**Records supplied**.
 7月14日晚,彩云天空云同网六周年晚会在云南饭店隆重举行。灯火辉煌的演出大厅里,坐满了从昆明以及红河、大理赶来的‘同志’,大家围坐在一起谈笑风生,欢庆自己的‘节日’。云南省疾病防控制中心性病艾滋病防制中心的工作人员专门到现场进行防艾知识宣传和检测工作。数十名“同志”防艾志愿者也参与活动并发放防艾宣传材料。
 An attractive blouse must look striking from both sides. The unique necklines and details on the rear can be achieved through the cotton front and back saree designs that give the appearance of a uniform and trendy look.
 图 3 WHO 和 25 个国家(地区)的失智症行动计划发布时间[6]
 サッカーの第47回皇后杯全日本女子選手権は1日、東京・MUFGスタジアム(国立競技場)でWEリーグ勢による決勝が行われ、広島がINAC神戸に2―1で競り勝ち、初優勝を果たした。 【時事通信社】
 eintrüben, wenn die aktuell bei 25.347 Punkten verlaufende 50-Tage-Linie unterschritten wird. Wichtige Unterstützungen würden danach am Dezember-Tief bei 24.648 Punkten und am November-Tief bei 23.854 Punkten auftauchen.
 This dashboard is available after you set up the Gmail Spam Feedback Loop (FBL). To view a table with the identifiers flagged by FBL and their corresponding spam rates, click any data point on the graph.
...
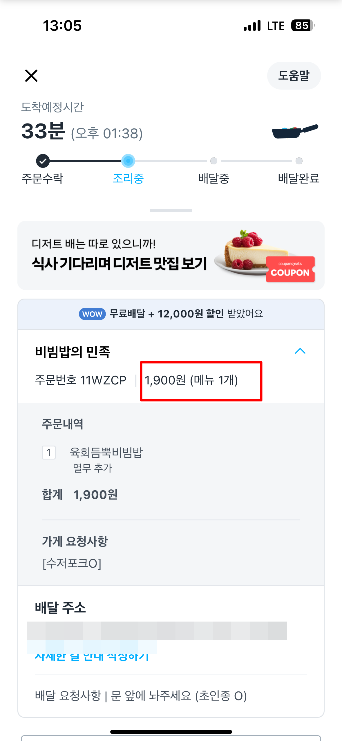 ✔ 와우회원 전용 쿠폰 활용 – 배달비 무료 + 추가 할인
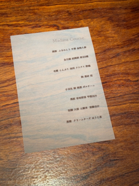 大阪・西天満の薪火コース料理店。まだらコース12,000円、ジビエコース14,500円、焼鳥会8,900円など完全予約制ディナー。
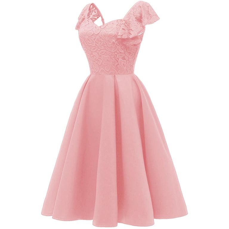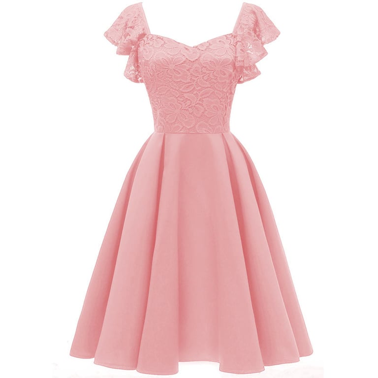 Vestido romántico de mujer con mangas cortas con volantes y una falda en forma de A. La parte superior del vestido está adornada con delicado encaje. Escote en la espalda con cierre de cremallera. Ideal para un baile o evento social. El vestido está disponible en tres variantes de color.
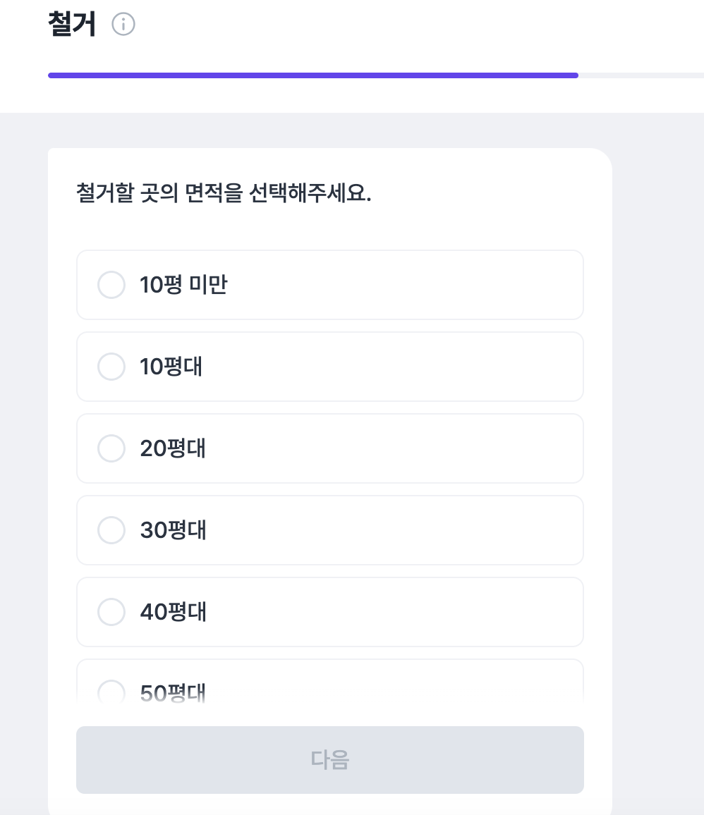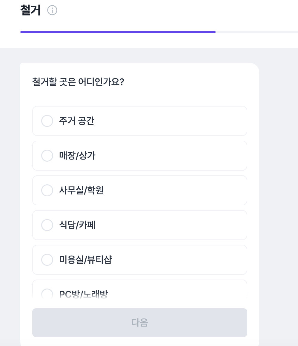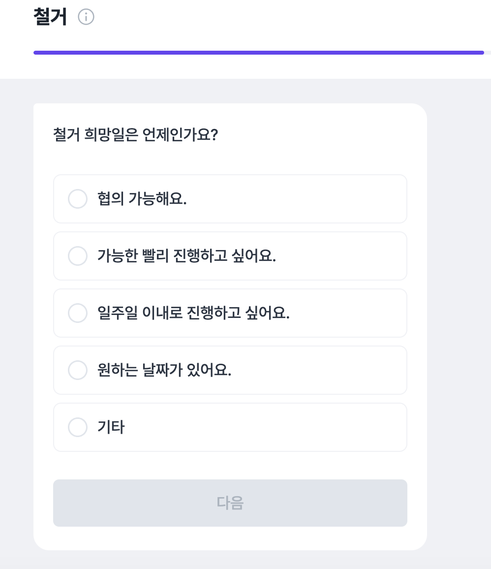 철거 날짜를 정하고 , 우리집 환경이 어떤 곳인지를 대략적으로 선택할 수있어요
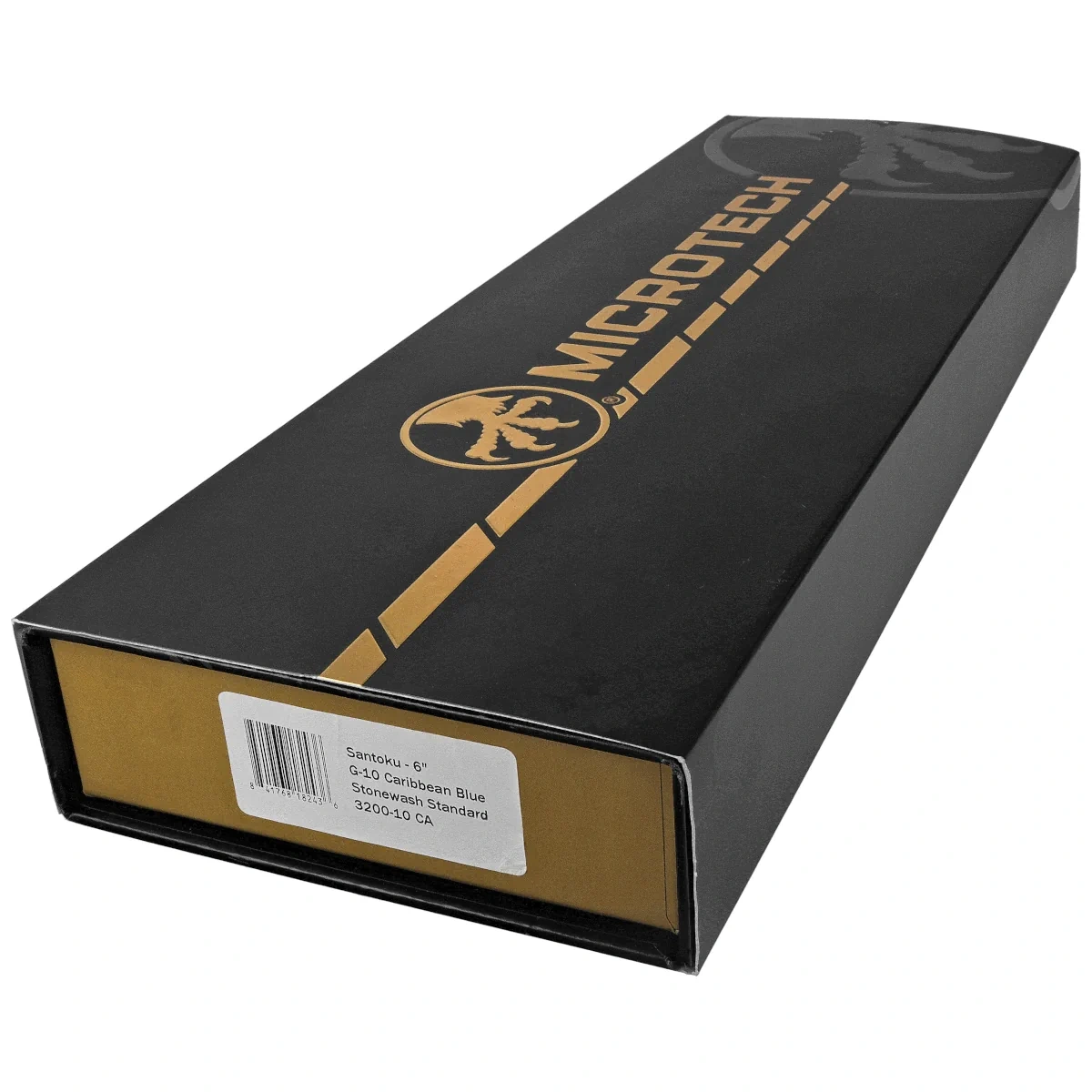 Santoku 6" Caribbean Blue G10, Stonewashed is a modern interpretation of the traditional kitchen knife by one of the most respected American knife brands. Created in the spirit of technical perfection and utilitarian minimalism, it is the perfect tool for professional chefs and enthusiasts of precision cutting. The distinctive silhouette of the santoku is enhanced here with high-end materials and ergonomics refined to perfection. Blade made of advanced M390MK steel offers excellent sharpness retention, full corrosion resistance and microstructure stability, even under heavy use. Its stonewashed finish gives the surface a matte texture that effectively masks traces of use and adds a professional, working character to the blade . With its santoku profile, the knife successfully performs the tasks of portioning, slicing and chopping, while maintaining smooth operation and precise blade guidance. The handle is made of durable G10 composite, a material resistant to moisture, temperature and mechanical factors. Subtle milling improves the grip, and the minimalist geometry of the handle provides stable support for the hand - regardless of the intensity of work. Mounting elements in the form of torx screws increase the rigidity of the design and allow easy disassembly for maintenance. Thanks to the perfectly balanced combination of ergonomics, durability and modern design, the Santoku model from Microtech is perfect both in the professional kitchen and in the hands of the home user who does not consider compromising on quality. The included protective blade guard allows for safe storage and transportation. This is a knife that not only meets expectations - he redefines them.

**What to produce**. Reproduce the data above exactly, but only from the line containing "Vestido romántico de" through the line containing "철거 날짜를 정하고 , 우리집 환경이 어떤 곳인지를 대략적으로 선택할 수있어요". Omit all pictures.

**Answer below**.
 Vestido romántico de mujer con mangas cortas con volantes y una falda en forma de A. La parte superior del vestido está adornada con delicado encaje. Escote en la espalda con cierre de cremallera. Ideal para un baile o evento social. El vestido está disponible en tres variantes de color.
 철거 날짜를 정하고 , 우리집 환경이 어떤 곳인지를 대략적으로 선택할 수있어요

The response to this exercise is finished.